▸ SOURCE MATERIAL
= = = = = = =
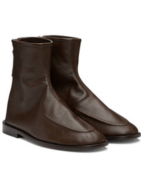 Handcrafted ankle-high grained calfskin boots. · Moc toe · Zip closure at heel · Suede interior · Stacked calfskin heel · Calfskin sole Supplier color: Dark brown Calfskin. Made in Spain 252991F113005
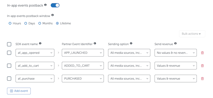 Нажмите Add Event и добавьте af_app_opened, чтобы включить передачу сессий.
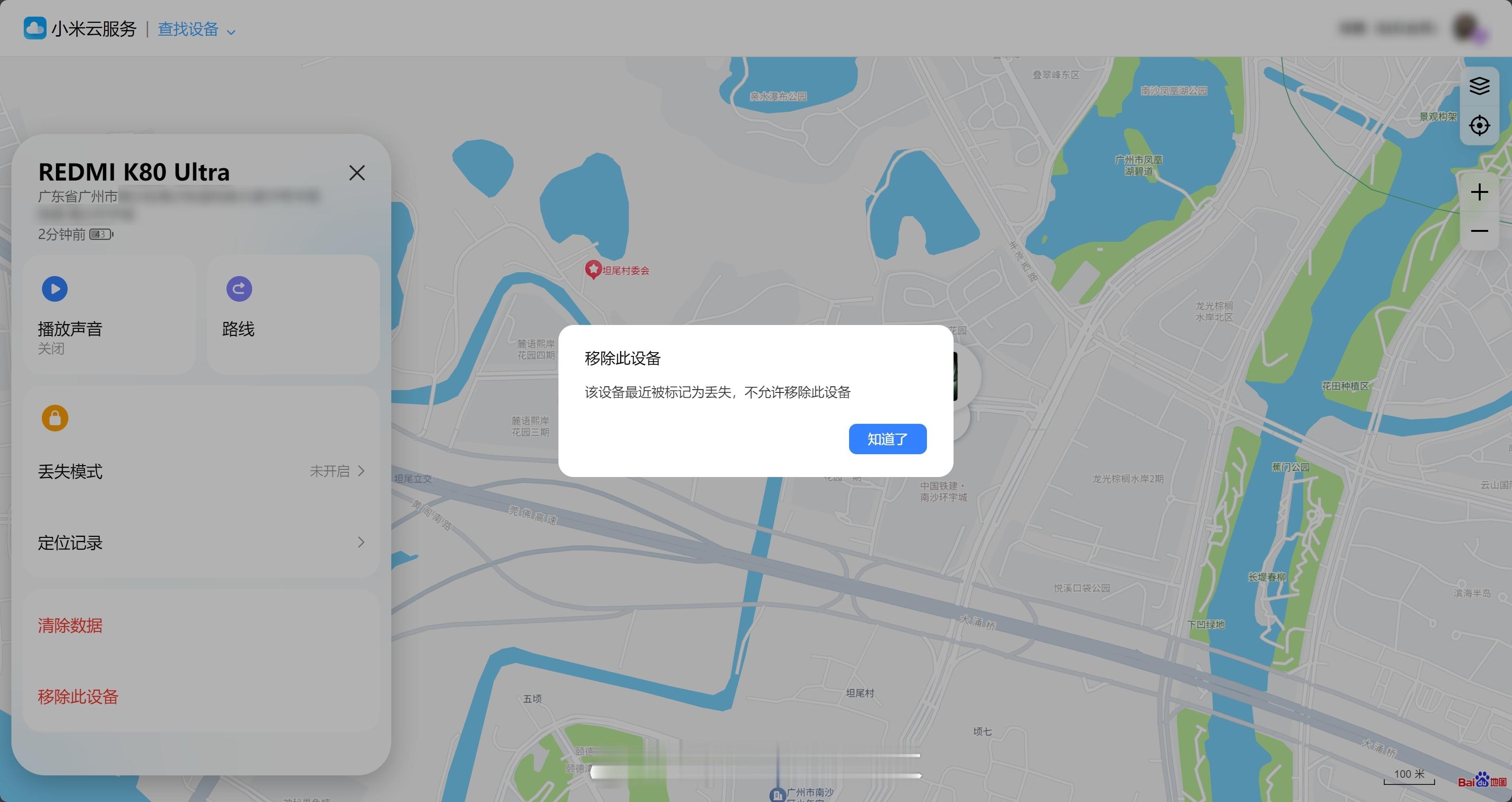 小米澎湃OS3 开启“丢失模式”后三天内不能关闭查找手机。
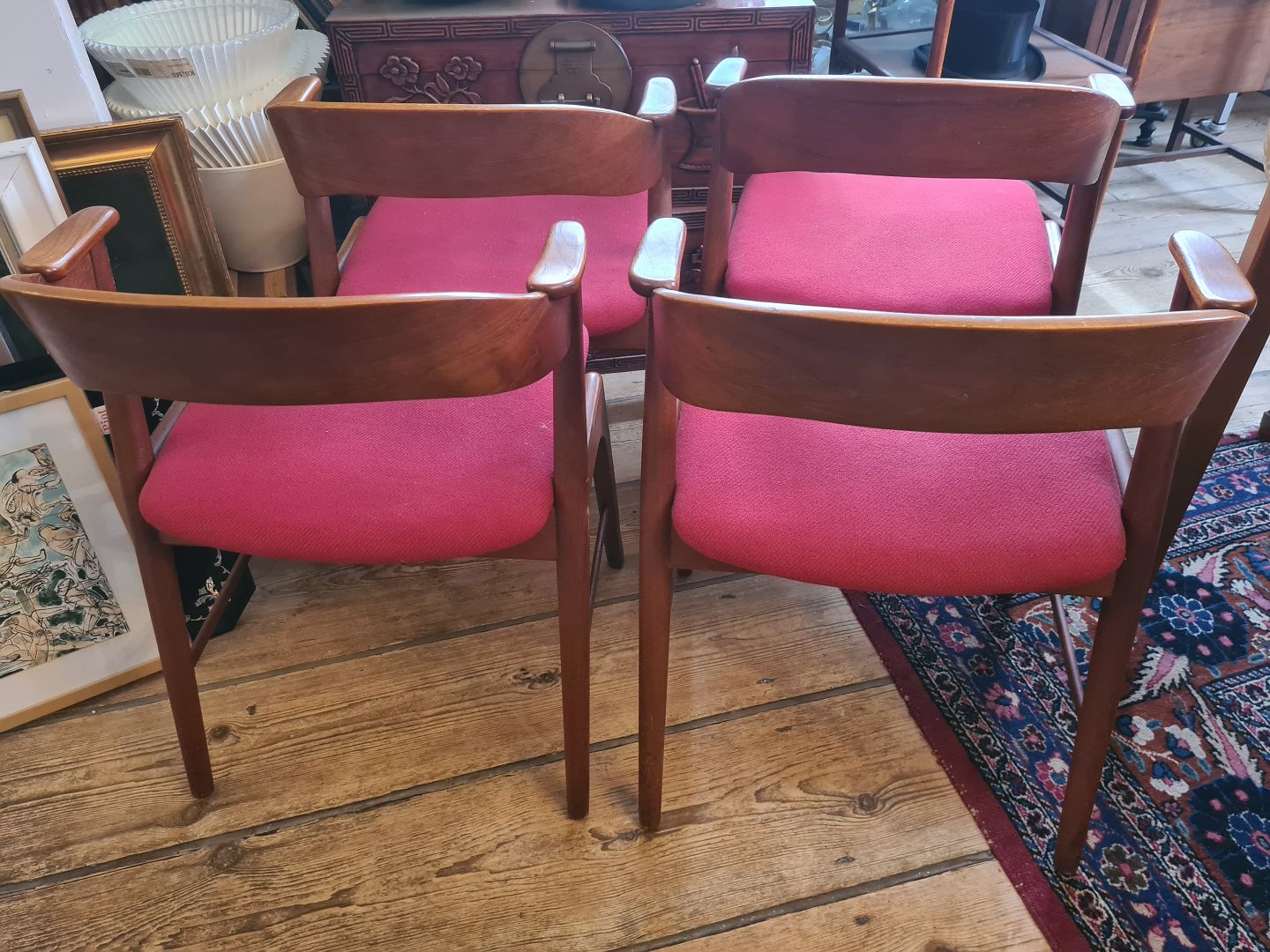 4 spisebordsstole fra 1960'erne designet af Kai Kristiansen. Her i teak med stofbetrukket sæde. Fremstår pæne og velholdte uden nævneværdige brugsspor.
= = = = = = =
▸ WHAT NEEDS TO BE DONE
Repeat the material exactly as it reads, without any of its pictures.

▸ EXERCISE SOLUTION
 Handcrafted ankle-high grained calfskin boots. · Moc toe · Zip closure at heel · Suede interior · Stacked calfskin heel · Calfskin sole Supplier color: Dark brown Calfskin. Made in Spain 252991F113005
 Нажмите Add Event и добавьте af_app_opened, чтобы включить передачу сессий.
 小米澎湃OS3 开启“丢失模式”后三天内不能关闭查找手机。
 4 spisebordsstole fra 1960'erne designet af Kai Kristiansen. Her i teak med stofbetrukket sæde. Fremstår pæne og velholdte uden nævneværdige brugsspor.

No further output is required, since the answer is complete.